The 22 year-old Deaf woman probably didn’t hear the commotion, probably didn’t have time to react. That’s what we said in the aftermath of Daniella Josberg’s death at the hands of a gunman at a nightclub in Stockholm in the early hours of the morning on December 4, 1994. Daniella and three others were killed, and over 20 people were injured in the attack.
Yesterday President Obama talked about how other countries also have people with some sort of sickness in their minds, people who wish to cause others harm, but other countries don’t have these kinds of mass shootings over and over and over again. When he spoke I thought of Daniella and tried to remember.
When Daniella Josberg was killed, I was living in Stockholm, where I was employed as a teacher at the Manilla School for the Deaf. Some of my colleagues there had taught Daniella when she was a student at Manilla; others had known her from their own time in school. Whether or not they knew her personally, everyone in the Deaf community knew OF Daniella. She had worked for the Deaf news broadcast “Sign News,” and had just the previous year published a book about her life and finding her way in the world as a Deaf person. This was a tragedy that hit close to home and made many of my Deaf colleagues and students feel especially vulnerable. And yet, my memory is that the feeling was completely different from what we are feeling in America now in the aftermath of yet another mass shooting.
When this mass shooting happened in Sweden, it felt like a freak occurrence. We were shocked and grieving, yes, but we weren’t reliving the numerous similar shootings that had taken place in recent history and we weren’t already bracing ourselves for the next one.
I wonder if that’s not the worst of it for us now as Americans, at least for those of us who are fortunate enough not to be living or re-living our own tragedies this time: the bracing ourselves.
It’s hard in a time like this when emotions are so raw to begin sorting them out. We are angry. We are grieving. We are tired. We are remembering Columbine, Virginia Tech, Aurora, Sandy Hook and others… Some of us are trotting out our old arguments for or against gun control and once again getting mad at each other as we face down the other side on Facebook, but… we’re just so tired of this, aren’t we? And it’s the knowing that this isn’t a one time freak occurrence, the knowing that we have every reason to believe that this will happen again, that gets us.
As someone who loves and tries to follow Jesus, I am against all forms of violence. If that’s not an obvious statement to you, don’t worry, I’ll come back to that one day, but for now I’ll just leave it as the obvious stance for me, even though on some days it’s an easier stance than on others. (I’m usually really good at loving my enemies in the abstract. Pray for Osama bin Laden? No problem. And sometimes I’m even really good at doing the hard work of being up close and personal and loving people who have done bad or even horrible things. When I sit down and I talk to inmates one-on-one and I hear their stories, I know that they are hurt and broken people, like me, and I don’t want them to be hurt in retaliation for the things they’ve done. But then at other times I want to take the 17 year-old boy who broke my daughter’s heart and somehow do something to cause him to suffer debilitating shame and humiliation, or else I’d like to just see him strung up by his balls. Literally. But I digress… Where were we? Oh, right. Nonviolence. Loving our enemies. It can be really, really hard.)
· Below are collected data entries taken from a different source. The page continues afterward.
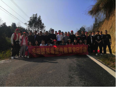 为了进一步普及禁毒宣传教育,使大家充分认清毒品的危害,激发广大党员干部积极参与禁毒斗争的热情,提高大家拒毒防毒意识和自觉抵制毒品侵袭的能力。毛田镇禁毒办联合禁毒分会在3月10日利用“3·12”植树节即将到来之际在毛田镇河山村公路旁进行义务植树,开展以“共创无毒环境,做绿色健康人”为主题的禁毒宣传教育党日活动。
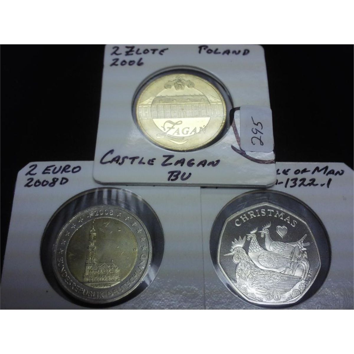 UNC AND 2007 ISLE OF MAN 50 PENCE (UNC), POLAND-CASTLE ZAGAN, GERMANY-HAMBURG CATHEDRIAL AND ISLE OF MAN-CHRISTMAS FRENCH HENS
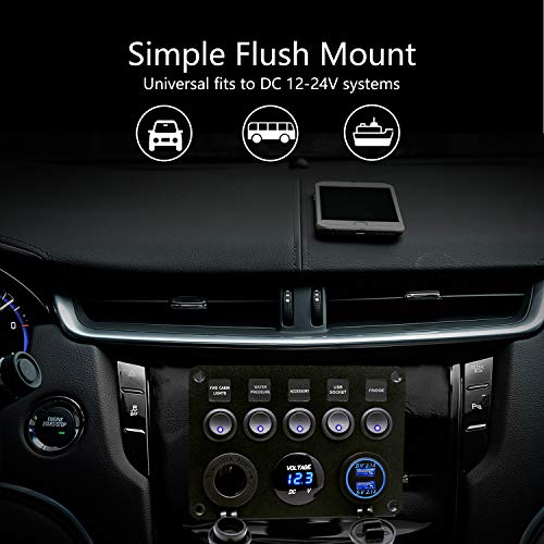 12V Pannello Interruttori Marine Barca Interruttore a levetta 2 Caricatore USB Accendisigari Voltmetro LED Digitale impermeabile (Blu)
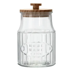 A 2,6 literes, csíkos üveg légmentesen záródó fa tetővel őrzi a lekvárok, mézek és fűszerek frissességét. Praktikus mérete és elegáns megjelenése miatt konyhapulton, kamrában vagy ajándékként is tökéletes választás.
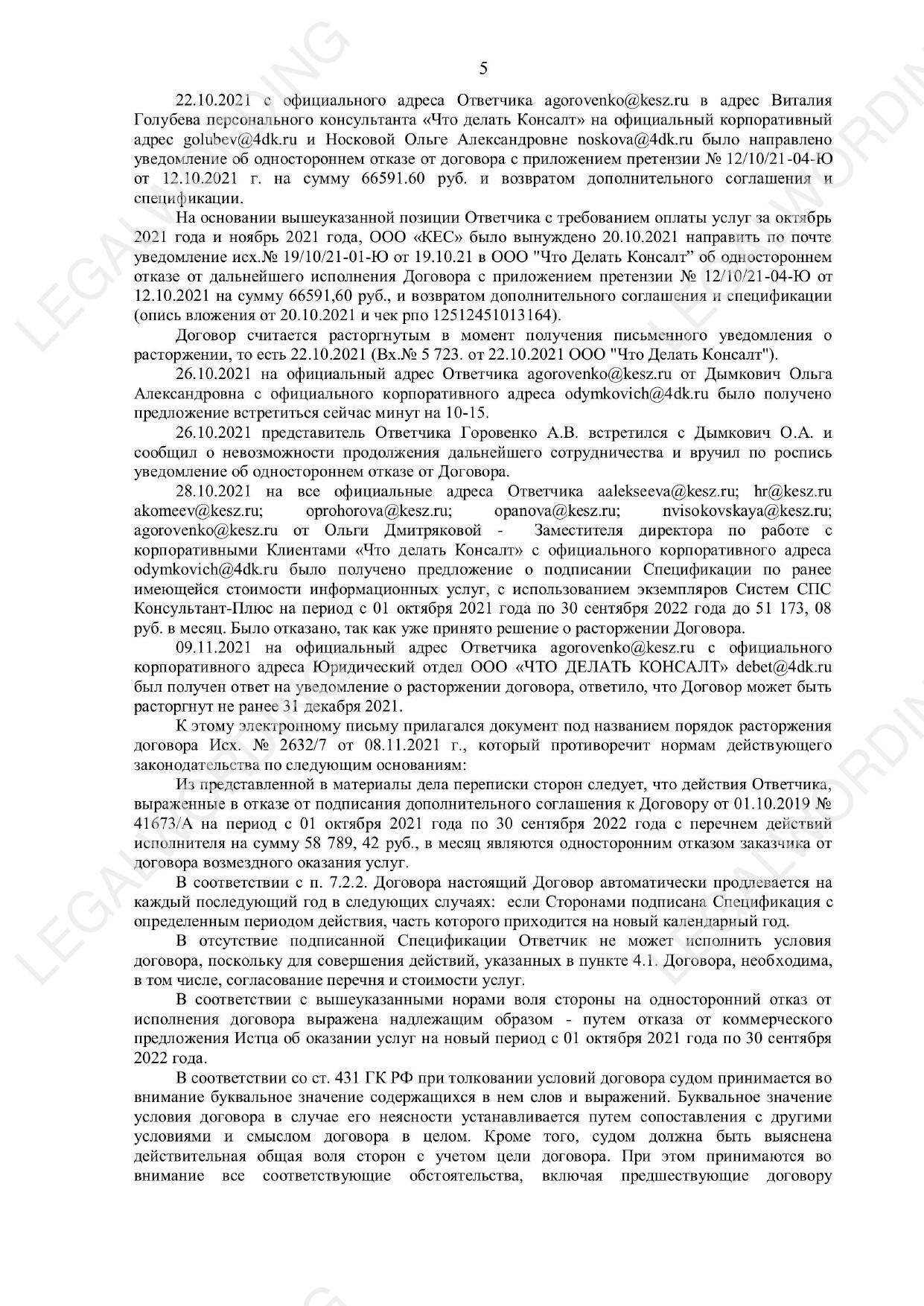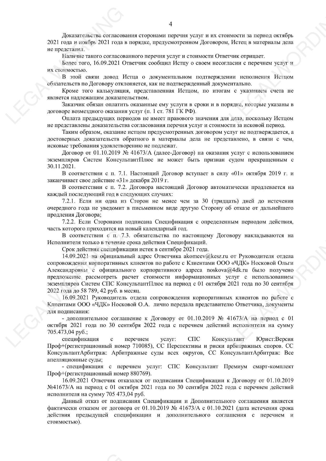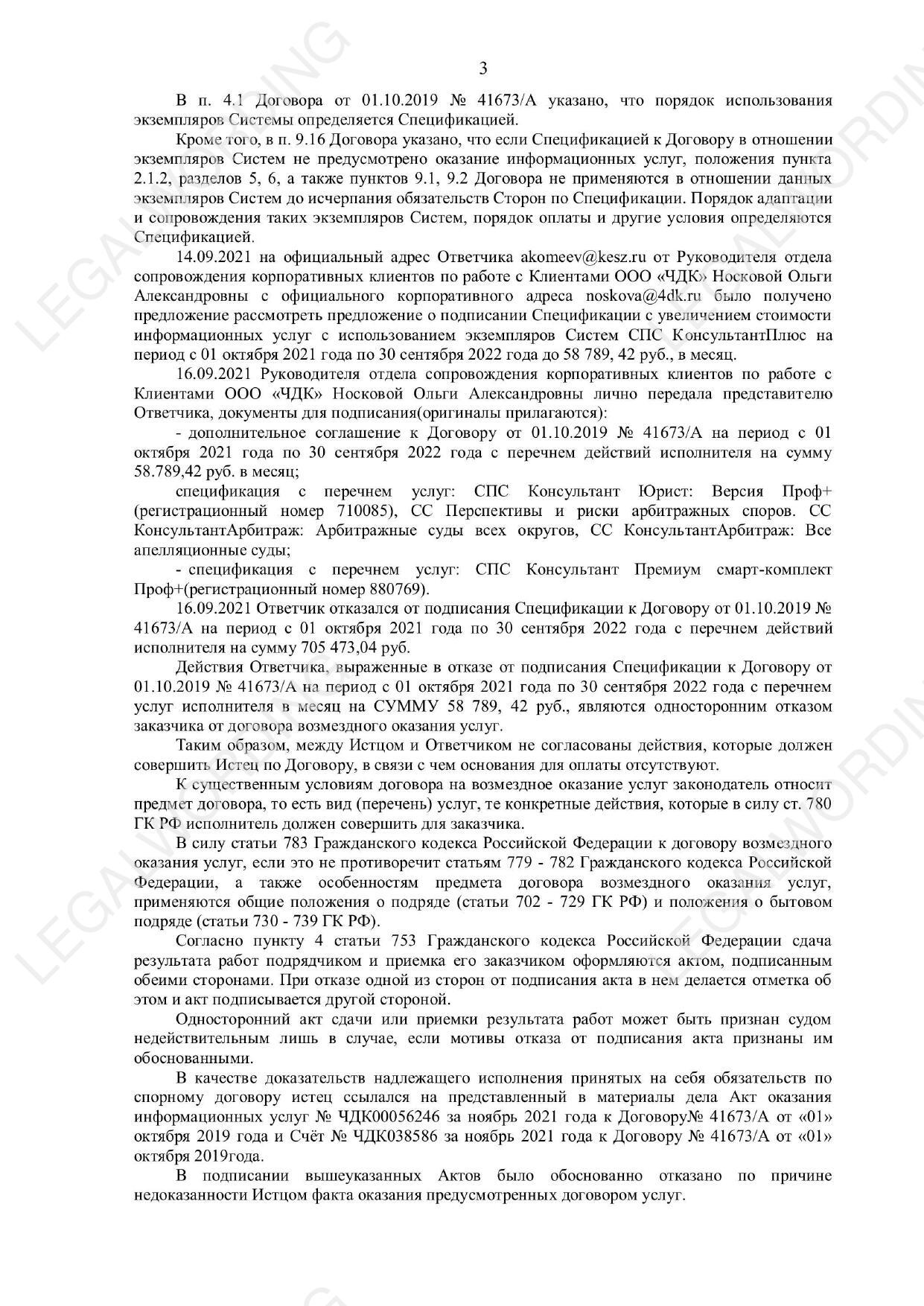 The contractor decided to increase the cost of services under the agreement using copies of the ConsultantPlus System for the period from 01.10.2021 to 30.09.2022 to 58789.42 rubles. The customer refused to sign the Specification with the list of contractor's services per month, which is a unilateral waiver of the contract. The Contractor considered that the Customer did not have the right to withdraw from the contract and filed a lawsuit in court. Case A40-277821/2021 was won https://kad.arbitr.ru/Card/c8890c1a-7b41-4430-97e2-592d8acfcc68

I think my point is that when I see the arguments flying around–and I have seen them again since yesterday’s events–that we need MORE guns, that if only more people open carried, these things wouldn’t happen, I’m tempted to get frustrated and angry and call people idiots and bang my head against the wall. I hate feeling that way, and I hate knowing that these arguments are going nowhere. So today I stopped to really think about it, and to think about my friends who truly believe that we need more guns. I decided to try to figure out what they are thinking and feeling. Part of me can understand the instinct to want to carry a gun around at all times in the hopes of being able to fend off anything and anyone who might want to hurt the ones I love.
I guess I just wish we could admit that we’re all really sad and we’re all really scared, and, more than anything, we desperately don’t want the ones we love to be the victims of the next horrific event. Isn’t that really why we’re all so passionate? Because we love people and we want them to be safe? I wish that we could begin by agreeing to recognize that that is the place we’re all coming from. Maybe then we could be a little kinder to each other and gentler with each other and actually get down to the hard work of finding some real solutions. I believe that real solutions exist, but to find them we’re going to have to stop seeing the other side of the gun debate–whichever side we’re on–as our enemy.